[Stored records]
★ ★ ★ ★

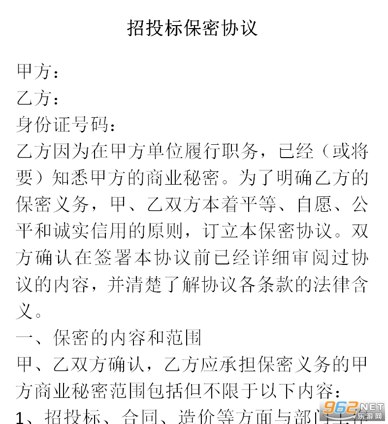 《招投标保密协议范本》是小编在网上收集到的一篇比较的简短的关于招投标的保密协议,写的还是很专业的,有需要的亲们可以直接下载,范本仅供参考,不可直接拿来使用,感兴趣的亲们赶紧下载吧。
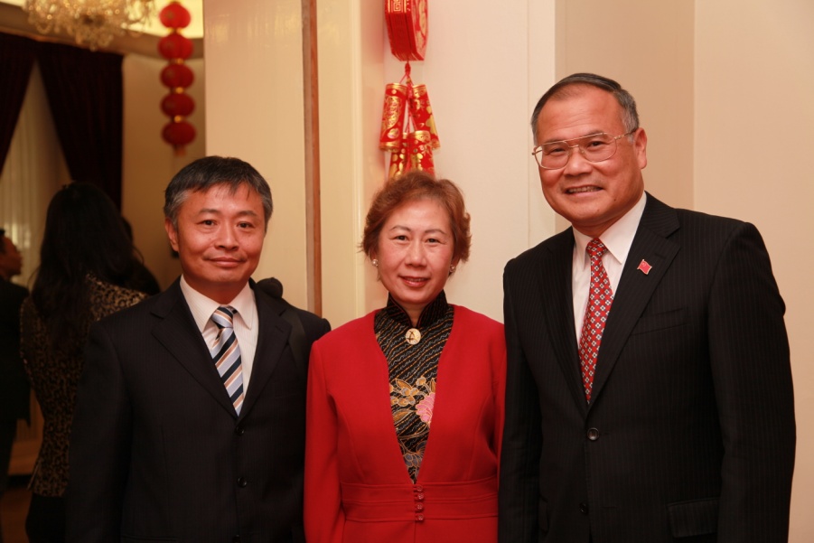 下图为黄开发教授出席中国驻丹麦大使馆国庆招待会,与刘碧伟大使伉俪合影。
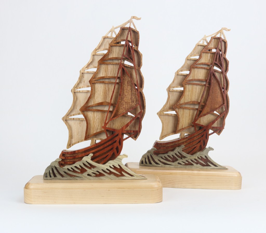 Sailing Ships Intarsia Sailing ships made of layered Maple, Mahogany, Blood Wood with Blue Pine for the water. The base is Maple. Related
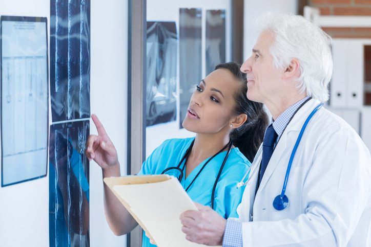 Confident radiologists examine patient x-rays
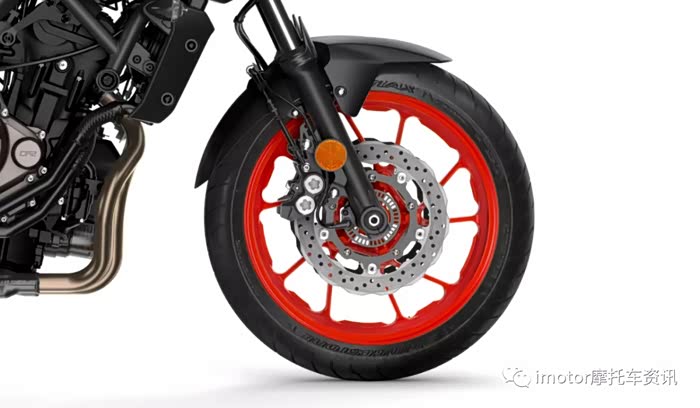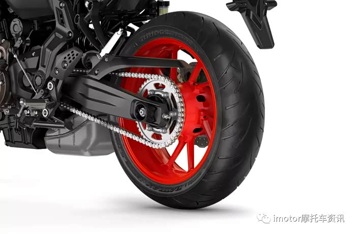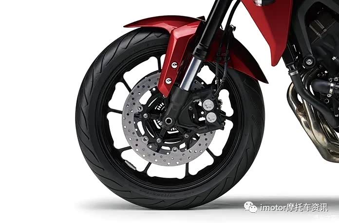 ▲搭载KYB的预载可调节41mm正立式前叉,后面则是预载和回弹可调的多连杆中置减震,减震配套看起来中规中矩,但还是要看实际表现,MT-07配置前后17寸普利司通轮胎。

★ ★ ★ ★

WHAT YOU ARE ASKED TO DO ::
Copy the lines from the line that contains "Confident radiologists examine" through the end of the records, exactly and with nothing added; leave the pictures out.

SOLUTION ::
 Confident radiologists examine patient x-rays
 ▲搭载KYB的预载可调节41mm正立式前叉,后面则是预载和回弹可调的多连杆中置减震,减震配套看起来中规中矩,但还是要看实际表现,MT-07配置前后17寸普利司通轮胎。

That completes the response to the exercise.